You know, this is like the level below medicine to me lifestyle. This is like culture. It's below medicine. We this is how you build out a healthy culture. Culture is just the culmination of how I don't know if average is the right word, but like the way most people flowing through the world and the decisions create the culture.
So so we don't like where the culture is going, kind of build a new culture. You're going to be part of the counter culture, you know, counter culture. In this way, though, a very thoughtful process of health, where we are helping our brothers, sisters, neighbors to sink in to the very simple, essentially free, basic practices that just bring life and health.

And when enough of us are doing this, we create a critical mass of people who are just moving toward health. I really feel like it's going to take the pressure off of the health care system. Talk about how fasting personally can take the pressure off last, cooking, cleaning, shopping, dishes less times to be eating more space for other sort of things, less financial pressure like just opening up all this space.

Just like we can have the discussion of how our bodies are mirroring the society and like we can bring the dysfunction of society into us right. And that's what so much I think of what we're experiencing. We can invert that, take health. Health springing out of the body and flourishing is and push that out. Actually, instead of our bodies mirroring the society, we start pushing out and having society mirror our health and that see, that is empowering.

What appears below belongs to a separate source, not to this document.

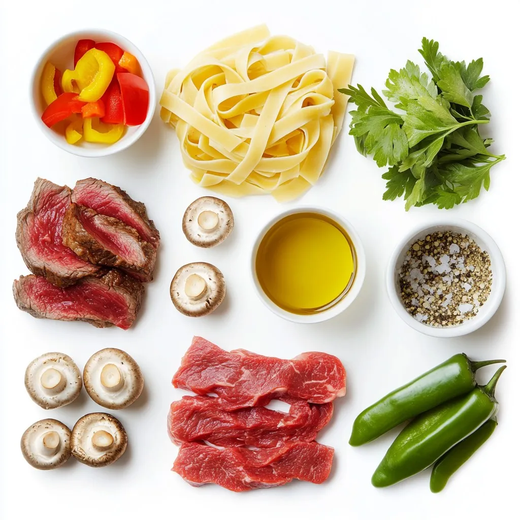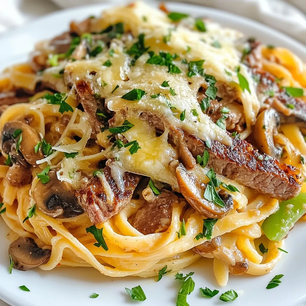 A creamy and savory pasta dish inspired by the classic Philly cheesesteak, featuring ribeye steak, sautéed vegetables, and provolone cheese.

Taking it from the when it's just the other direction. This is like mass media coming at us where we feel I can't control it and it's this overwhelming deluge of this stuff, and then you're feeling powerless against it. Now we invert it, we focus on ourselves, we allow health and life and vitality to spring forth from the body, and we are pushing actively that out that we are showing health, being healthy, experiencing health.
That is a positive force that we can build, and send that out. And in the short term, isn't it enough? The people we care about, our friends and family, helping our friends and family to be healthy and as thoughtful and gentle away as possible, recognizing we can't change anyone. But we can be an example to people and we can support and encourage people.

That is the, that is the way. Thanks for sharing these thoughts with me, lifting ourselves up in every way that we can, across every domain, every way, lift ourselves up emotionally, lift our physical selves up. I love, the way I described it the other day, keeping our eyes on the horizon. We're, like, coming in for a landing January 1st.

We're going to, like, land at the party to celebrate this. Dial us in on where we are today, focusing on the positive, not punishing the negative, lifting everything up, identifying the positive coming in. Right. So January 1st, we're going to have a little party. Think about all the good work that we've done, both physically, emotionally to lift ourselves up, bring ourselves forward and health just going to be, fantastic.
So think of that. That's kind of like a sailboat. Like the plane cruising in, right? Is like, we've done the work, we flew across the country and we're just like dialing it in. All right, everybody, this was great. Great discussion. I will be back with you tomorrow. More insights, another step, tomorrow toward better health. I hope you have a great day.

I hope this helps you get dialed in and some really great thinking. I be thinking about this discussion. Very interesting things. You know, health care system. How do we promote health? And wholeness in the greatest way possible? We'll start with ourselves, and we'll do it in this day. We'll take powerful steps, and then we'll come tomorrow and we'll keep taking another step.
I appreciate you all very much. Have a great day, everybody.